ADM recently introduced an agave-based sweetener


which has a sweetening potency 30% higher than sucrose. “With less input required to attain the same sweetness level, agave can aid both sugar and calorie reduction,” says Jeff. “Moreover, agave has a neutral sensory profile, provides binding and browning properties, and has good solubility, moisture retention and humectancy, enabling ease of use for bakers. It also has a low glycemic index.”


For alternatives to more traditional syrups, ADM suggests rice syrup or reduced sugar glucose syrup, both of which provide binding and viscosity properties similar to those of traditional syrups without sacrificing functionality, enabling formulation flexibility in various baked applications.
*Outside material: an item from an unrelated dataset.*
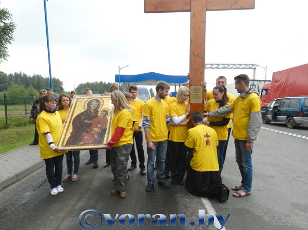 Святы Ян Павел II 22 красавіка 1984г., уручаючы гэты крыж, звярнуўся да моладзі: «Нясіце яго на ўвесь свет як знак любові, якой Хрыстос узлюбіў чалавецтва, і абвяшчайце ўсім, што толькі ў Хрысце, памерлым і ўваскрослым, ёсць уратаванне і адкупленне». На працягу 20 гадоў — крыж і абраз ужо наведалі 4 кантыненты, пабывалі ў сотнях краін. Пры крыжы і абразе збіраліся мільёны вернікаў. Падчас апошніх Сусветных дзён моладзі ў Бразіліі (ліпень 2013г.) каля іх памалілася прыкладна 3 мільёны моладзі з цэлага свету. Канферэнцыя каталіцкіх біскупаў у Беларусі з нагоды Сусветнага дня моладзі, які ў 2016 годзе адбудзецца ў Кракаве (Польшча), атрымала прапанову правесці перэгрынацыю крыжа і абраза ў каталіцкіх дыяцэзіях Беларусі. 28 чэрвеня на беларуска-польскай Дзяржаўнай мяжы адбылася ўрачыстая перадача духоўных атрыбутаў польскай моладдзю беларускай. На працягу амаль што двух тыдняў гэтыя сімвалы наведвалі каталіцкія парафіі ў розных дыяцэзіях. Галоўным каардынатарам перэгрынацыі крыжа і абраза Маці Божай у Гродзенскай дыяцэзіі стаў ксёндз Антоній Грэмза, які адзначыў:— Асноўная мэта — паказаць праз перэгрынацыю крыжа і абраза адзінства беларускай моладзі з моладдзю ўсяго свету, а таксама неабходнасць супольнага чування разам з Марыяй пад крыжам Хрыста. Духоўнасць крыжа павінна пабудзіць нас ступіць на дарогу патрабаванняў і барацьбы за перамогу сапраўднай Любові. У гэтым моладзі будзе дапамагаць Марыя, Маці цудоўнай Любові. Перад тым, як прыбыць у Тракельскі санктуарый, крыж і абраз “наведалі” ўсе найбольшыя па колькасці пешыя пілігрымкі. У наш санктуарый сімвалы Дзён моладзі ўнеслі маладыя вернікі парафіі Узвышэння Святога Крыжа з Ліды. Крыжовы шлях, які адбыўся познім вечарам 11 ліпеня, дапамог пілігрымам усвядоміць, што той, хто хоча быць сапраўдным вучнем Хрыста, мусіць штодзённа браць на свае плечы крыж і ісці за Госпадам, наследуючы Яго. Пад крыжам Сусветнага дня моладзі гэтыя два дні маліліся ўсе жадаючыя. А пасля імшы, якая завяршыла ўрачыстасці, крыж і абраз адправіліся на беларуска-літоў-скую мяжу, дзе іх ужо чакала дэлегацыя з Літвы. Група маладых людзей на чале з ксян-дзом Антоніем Грэмзам урачыста перадала сімвалы з рук у рукі. І з гэтай хвіліны сімвалы Сусветнага дня моладзі пачалі свой шлях па Літве. Наталля ІВУЦЬ. Фота аўтара.

Reduced sugar glucose syrup can also achieve 30% sugar reduction and, when combined with sweeteners such as stevia, allows bakers to reach even greater sugar reduction targets without sacrificing taste or functionality. Additionally,


ADM suggests that complementary


ingredients can make a useful addition in reduced sugar offerings, particularly those that have multiple positive attributes. For example, soluble dietary fibre can help meet consumer calls for added fibre, while also acting as a useful ingredient when reducing sugar, without affecting key sensory aspects. Its structural and binding qualities can help build back integrity that can be lost when sugar is reduced or removed completely from a recipe.


There can be no doubting that the move to lower-sugar bakery products is going to continue – consumers are demanding it and regulatory organisations will ensure that products not complying will be penalised by higher taxes, restricted promotional capabilities and more stringent labelling requirements. While reducing sugar in bakery products can pose challenges, there are also many solutions, so do communicate with your ingredients suppliers to see how they can help you keep one step ahead of legislation while continuing to delight consumers.